I guess the problem is that most people are more familiar with screen versions of Batman and other superheroes than the comics version, and in most screen versions, the featured superhero is the only one around. Given that, it would seem more eccentric and bizarre. But even so, a lot of those versions of Batman occupy worlds that are crazier than ours -- particularly the Batman of the '66 sitcom and the Batman of the Burton and Schumacher movies. Those were two (three?) very stylized, exaggerated, campy alternative realities full of extreme, flamboyant criminals, so a flamboyant and eccentric approach to fighting crime wasn't such a bad fit. And when Nolan gave us a nominally more naturalistic world (though still one where the physical laws that govern microwaves, nuclear fusion, spinal injury recovery, and the like are quite fanciful), he went to great lengths to explain why adopting the Batman persona was not a delusional act, but a consciously created performance enacted by a rational man in order to achieve a specific purpose.

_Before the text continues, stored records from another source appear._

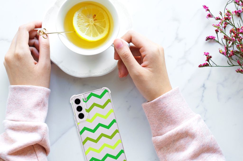 Ben je op zoek naar een uniek telefoonhoesje voor je Samsung Galaxy S22 Plus? Dan ben je bij B2C Telecom aan het juiste adres! Speciaal voor jou hebben we dit prachtige Zigzag Groen design in onze collectie hoesjes opgenomen. Het design wordt bedrukt op een Doorzichtige Silicone Hoesje en is gemaakt van flexibel rubber. Het hoesje is perfect voor de actieve smartphonegebruiker door de opstaande randen/hoeken. Denk aan mensen die veel sporten, reizen of wandelen en net iets meer zekerheid willen als het op hun geliefde telefoon aankomt. Het design wordt alleen aan de bovenkant van het hoesje bedrukt en de randen blijven transparant. Aan de zijkanten zijn uitsparingen gemaakt waardoor je met gemak alle knoppen en poorten kunt bedienen. Wij adviseren om dit hoesje in combinatie met een screenprotector te gebruiken voor een langere levensduur van je telefoon. Wil je dit hoesje nog iets extra's geven? Voeg dan gratis je naam of een quote toe! Is dit design hoesje toch niet helemaal wat je zocht? Ontwerp dan zelf een hoesje in ons ontwerpprogramma.
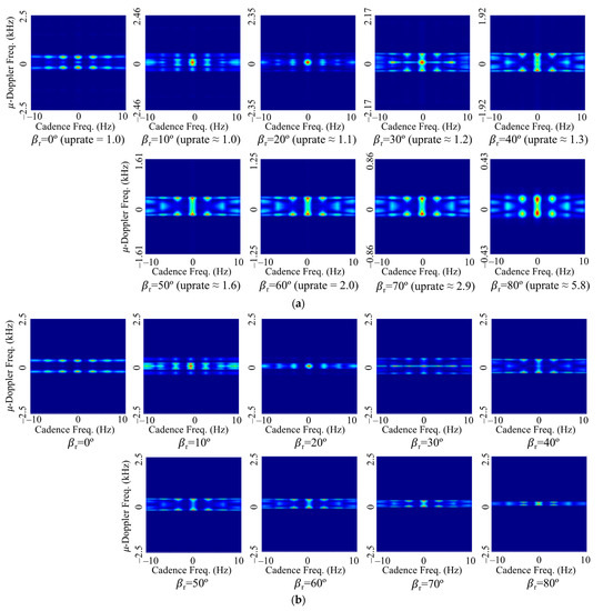 Unfortunately, patterns in a spectrogram are not one-dimensional data, and the micro-Doppler resolution is determined by the ratio of the sampling frequency, fs, to the number of FFT points. Therefore, even if the image shrunken in the transverse direction by the cosβr term is stretched again, the image is simply enlarged in the transverse direction due to having the same resolution.
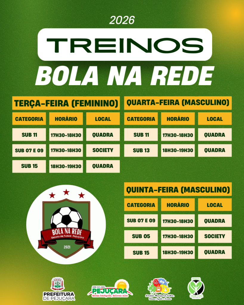 Nesta semana, retornam os treinos do Bola na Rede. As atividades acontecem conforme os horários e locais definidos para cada categoria:
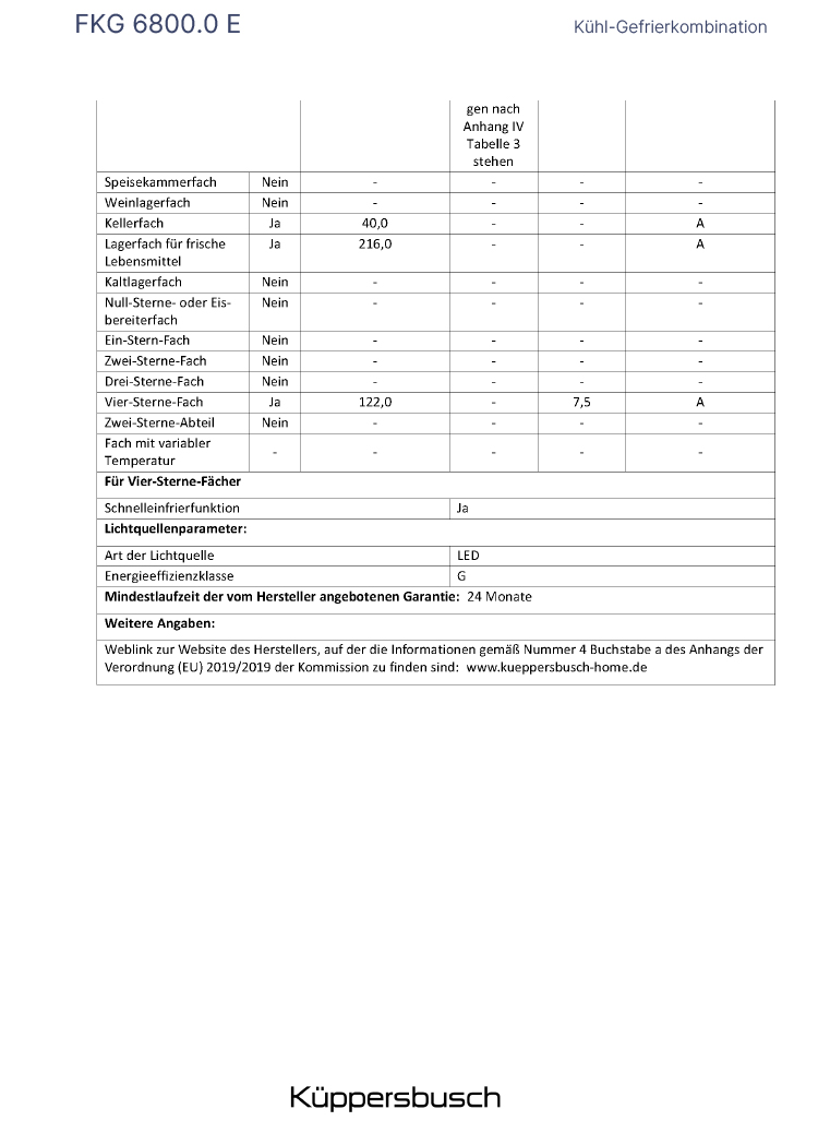 Der Hersteller gewährt deutschlandweit 5 Jahre Garantie auf den gelieferten Artikel Küppersbusch FKG 6800.0 E. Treten während dieses Zeitraums Material- oder Herstellungsfehler auf, gewährt der Hersteller im Rahmen der Garantie eine der folgenden Leistungen nach seiner Wahl:
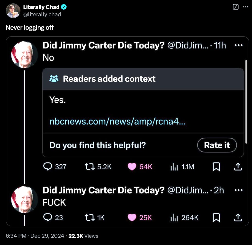 So much of how I disagree with Tyler Cowen in general is perhaps embodied by his response to the death of Jimmy Carter. Essentially Tyler said that Carter had great accomplishments that stand the test of time, but the vibes were off, so he much preferred Ford, Clinton or Reagan - and without a ‘I know this is foolish of me but’ attached to that statement.
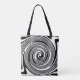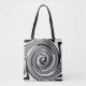 Psychedelic black and white swirling pattern tote bag
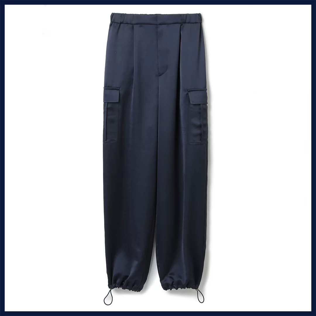 きれいめ派におすすめしたいカーゴパンツといえばこれ!ヴィンテージ感のあるサテン素材の艶が女性らしく、しなやかなシルエットで脚がほっそり見える。ヒールの靴とも合わせやすく、ウエストゴム仕様だから快適。
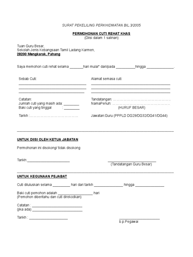 Trainees2013: Borang Cuti Rehat Khas Kpm from reader012.vdokumen.net Pekeliling cuti rehat khas crk 10 hari medium perkongsian bestari warga pendidikan malaysia. For more information and source, see on this link : Pekeliling cuti rehat khas crk 10 hari sumber pendidikan. Seperti yang telah dibentangkan melalui bajet 2018 pada oktober 2017 yang lalu, mulai tahun 2018, cuti rehat khas atau crk akan ditambah menjadi 10 hari daripada 7 hari. Kadar kelayakan cuti rehat tahunan bagi pegawai perkhidmatan awam persekutuan mulai 1 januari 2016 layanlah berita terkini tips berguna maklumat. Rehat, cuti rehat khas atau cuti tanpa gaji atas urusan persendirian, tertakluk pada kelayakan cuti pegawai; Bilangan maksimum cuti rehat yang dibenarkan untuk tujuan pemberian wang tunai di bawah spp 17/2008 bagi sesuatu kontrak adalah sebanyak lapan (8) hari atau satu per empat (1/4) daripada kadar cuti rehat untuk setahun, mengikut mana yang lebih rendah. Cuti tanpa gaji 10 d.
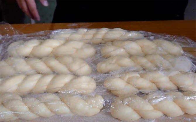 6.麻花都弄好之後蓋上保鮮膜,松弛20分鐘,這一步不可忽略。
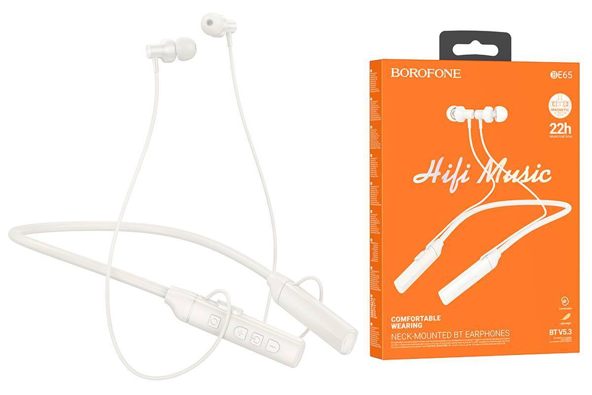 Наушники вакуумные беспроводные BOROFONE BE65 Gratified neck-mounted BT headset Bluetooth (топленое молоко)
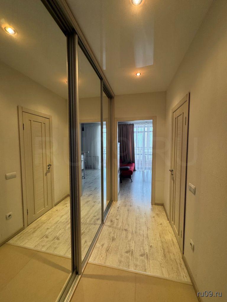 В квартире есть кухонный гарнитур с плитой, микроволновая печь, шкаф-купе, диван, закрытая обувница, стиральная машина. Свежий ремонт.
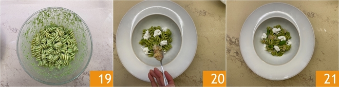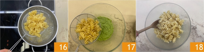 Kochen Sie die Pasta al dente 16 und geben Sie sie direkt in eine Schüssel, in der Sie zuvor das Pesto mit einer Kelle Kochwasser verlängert haben 17. Gut mischen 18.
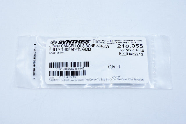 - Synthes 218.055 6.5mm Cancellous Bone Screw Fully Threaded/55mm
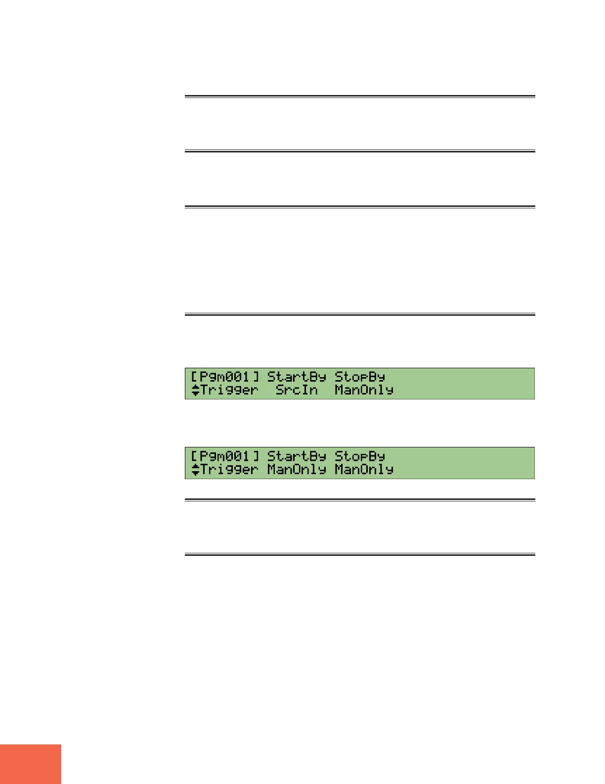 Turn Knob 2 to set StartBy to ManOnly (manual only).
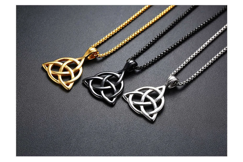Мужские ожерелья с кельтским узлом Vnox Viking, тройные Подвески с узором из узелков из нержавеющей стали, повседневные ювелирные изделия с цепочкой в коробке 24 дюйма
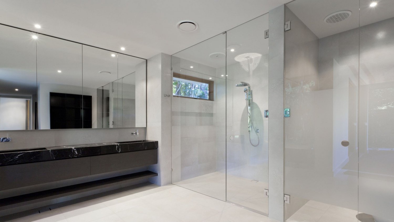 Стеклянные раздвижные перегородки в ванную комнату
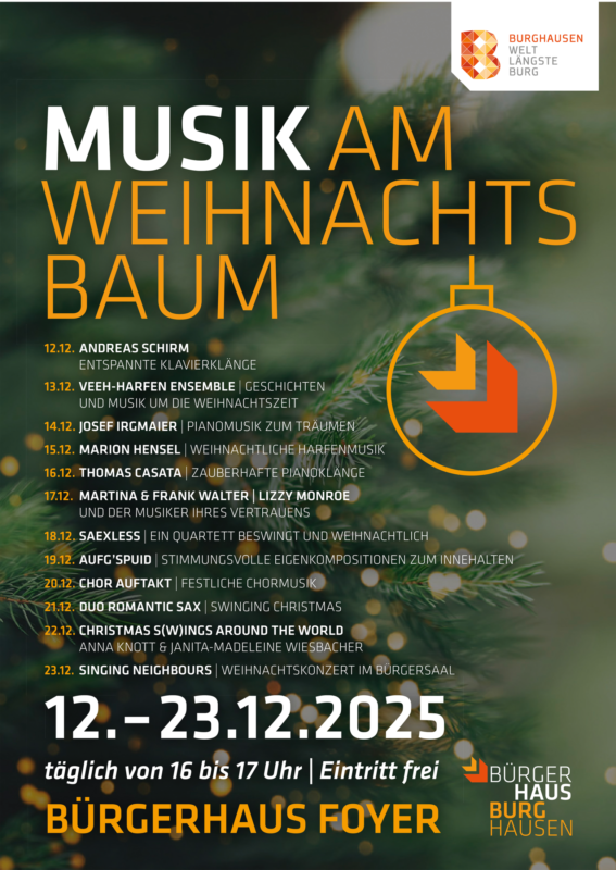 Genießen Sie in der Zeit vom 12. bis 23. Dezember besinnliche Musik von regionalen Musikern im Bürgerhausfoyer am großen, liebevoll geschmückten Weihnachtsbaum.

The juxtaposition of realism in terms of Wayne purchasing Batman equipment or something like that, with the absurd comic book conventions that were necessary to making the story work just came off as awkward sometimes.
Don't get me wrong, I like the Nolan trilogy, I just think they could have toned down the faux-realism.
. You can't recover from a serious spinal injury in a few months by having it punched back into place, and then doing some prison push-ups and sit-ups. The juxtaposition of realism in terms of Wayne purchasing Batman equipment or something like that, with the absurd comic book conventions that were necessary to making the story work just came off as awkward sometimes.
Don't get me wrong, I like the Nolan trilogy, I just think they could have toned down the faux-realism.
Frank Miller's All Star Batman? Yes.